**WORK ORDER:**
Repeat the whole listing below precisely. Omit all pictures.

**DATA SEGMENT:**
Segment Open
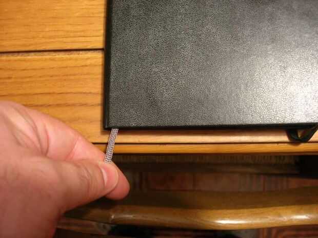tienes que tener una pluma con que Moleskine. Aquí está mi solución.Paso 1: Cortar el elástico a medida. usé 1 pulgada de ancho elástico aunque podría utilizar más de un bolsillo más grande. Necesita tener cierta superposición, como he demostrado en
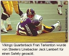 Fran Tarkenton in der Endzone zu Fall zu bringen. Dies war ein Safty und
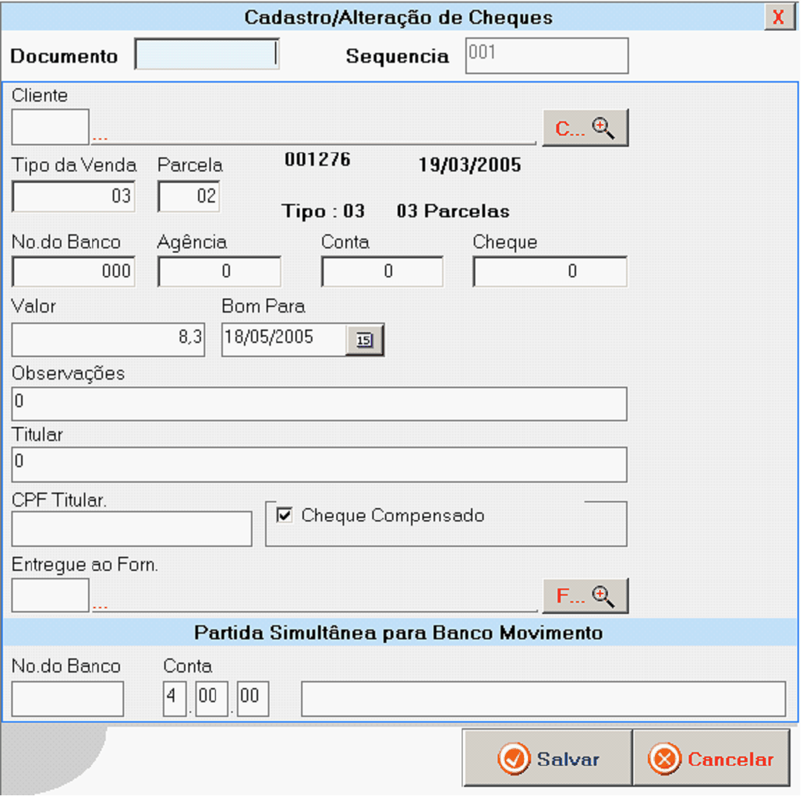 •01 A Vista; •02 Crediário; •03 Pré Datado; •04 Cartões de Crédito; •05 Orçamento; Se o Chdque não veio de uma venda, deixe o tipo em Zero.
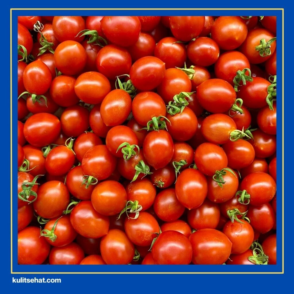 Tomat yang matang merah itu mengandung likopen yang sangat luar biasa sekali buat Kakak. Zat alami ini bekerja kayak tabir surya alami yang lindungi kulit dari dalam. Kakak bisa makan langsung atau dijadiin jus seger pas cuaca panas.
Segment Closed
**ANSWER BELOW:**
tienes que tener una pluma con que Moleskine. Aquí está mi solución.Paso 1: Cortar el elástico a medida. usé 1 pulgada de ancho elástico aunque podría utilizar más de un bolsillo más grande. Necesita tener cierta superposición, como he demostrado en
 Fran Tarkenton in der Endzone zu Fall zu bringen. Dies war ein Safty und
 •01 A Vista; •02 Crediário; •03 Pré Datado; •04 Cartões de Crédito; •05 Orçamento; Se o Chdque não veio de uma venda, deixe o tipo em Zero.
 Tomat yang matang merah itu mengandung likopen yang sangat luar biasa sekali buat Kakak. Zat alami ini bekerja kayak tabir surya alami yang lindungi kulit dari dalam. Kakak bisa makan langsung atau dijadiin jus seger pas cuaca panas.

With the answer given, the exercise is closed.